O verão foi o mais chuvoso desde 2011 e minimizou os prejuízos da crise. Mas a situação ainda é crítica.

O período mais seco começa em abril e vai até setembro, e os seis reservatórios que abastecem a Grande São Paulo iniciam este período com 34% menos água do que no mesmo dia do ano passado. São 589,5 bilhões de litros, contra 893,7 bilhões de litros em 2014.

Apenas a segunda cota do volume morto do Cantareira foi recuperada e para cobrir a primeira, será necessário chegar a 29,2%, ou seja, 0% do volume útil. A título de comparação, há um ano, o nível estava em 13,4% do volume útil, mas ainda não havia feito uso dos 287,5 bilhões de litros dos dois volumes mortos.

Racionamento
Em entrevista ao G1 no dia 13, o secretário de Recursos Hídricos, Benedito Braga, afirmou que o governo poderá dizer, entre abril e maio, se o racionamento será necessário.

Novo método
A Sabesp passou a divulgar desde terça-feira (17) duas formas de medição do nível de água armazenado no Sistema Cantareira.

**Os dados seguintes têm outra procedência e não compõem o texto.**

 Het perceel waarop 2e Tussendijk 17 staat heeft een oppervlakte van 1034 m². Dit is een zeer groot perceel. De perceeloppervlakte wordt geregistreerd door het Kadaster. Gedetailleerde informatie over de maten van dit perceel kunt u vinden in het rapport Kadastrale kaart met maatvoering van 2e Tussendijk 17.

A publicação do novo gráfico foi feita após recomendação do Ministério Público (MP), que pediu mais detalhes da situação do manancial com o uso de duas cotas do volume morto desde 2014.

Até então, a Sabesp não inseria no cálculo a quantidade de litros acrescentada pelas reservas técnicas (182,5 bilhões de litros do volume morto 1 e 105 bilhões de litros do volume morto 2) autorizadas pela Agência Nacional de Águas (ANA) e o Departamento Estadual de Águas e Energia Elétrica (DAEE).

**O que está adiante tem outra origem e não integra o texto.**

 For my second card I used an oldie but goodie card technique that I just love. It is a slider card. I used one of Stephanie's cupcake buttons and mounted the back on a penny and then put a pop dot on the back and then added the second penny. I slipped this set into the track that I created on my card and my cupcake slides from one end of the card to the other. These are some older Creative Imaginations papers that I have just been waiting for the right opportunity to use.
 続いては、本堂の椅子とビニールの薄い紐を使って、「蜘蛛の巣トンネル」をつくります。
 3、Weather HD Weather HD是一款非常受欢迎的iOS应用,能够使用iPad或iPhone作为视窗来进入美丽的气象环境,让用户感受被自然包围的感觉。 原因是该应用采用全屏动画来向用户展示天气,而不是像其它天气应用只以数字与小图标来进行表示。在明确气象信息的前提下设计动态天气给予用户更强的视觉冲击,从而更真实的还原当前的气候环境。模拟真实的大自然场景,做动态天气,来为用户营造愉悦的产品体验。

A conta para chegar ao índice do nível do reservatório só considerava o volume útil do sistema, que é de 982 bilhões de litros.

Para dar "mais transparência às informações", segundo nota oficial, a Sabesp apresentará também um gráfico considerando o volume útil e o volume morto, especificando o volume total do sistema para cada situação.

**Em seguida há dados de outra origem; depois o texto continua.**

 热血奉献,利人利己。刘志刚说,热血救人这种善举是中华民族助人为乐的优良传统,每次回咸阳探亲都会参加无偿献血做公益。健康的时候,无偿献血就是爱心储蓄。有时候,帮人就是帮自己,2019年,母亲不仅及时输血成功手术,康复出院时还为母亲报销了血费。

A companhia informou, por meio da assessoria de imprensa, que apesar da divulgação de dois gráficos, o índice oficial para série histórica será o mesmo de antes e que o volume de água disponível para a população não sofreu alteração. As duas formas de medição podem ser encontradas na página na internet da Sabesp.

Queda no nº de clientes
Antes da crise, o Cantareira abastecia 8,8 milhões de pessoas, mas hoje produz água para 5,6 milhões de clientes na Grande São Paulo.

O sistema conseguiu recuperar apenas uma quantidade de água equivalente a segunda cota do volume morto. O sistema teve um corte de 56% na vazão em relação a fevereiro de 2014. A quantidade de água fornecida passou de 31,77 mil litros por segundo para 14,03 mil litros/segundo.

Já o Guarapiranga aumentou a vazão de 13,77 mil litros por segundo para 14,9 litros/segundo, e se tornou o maior reservatório de São Paulo.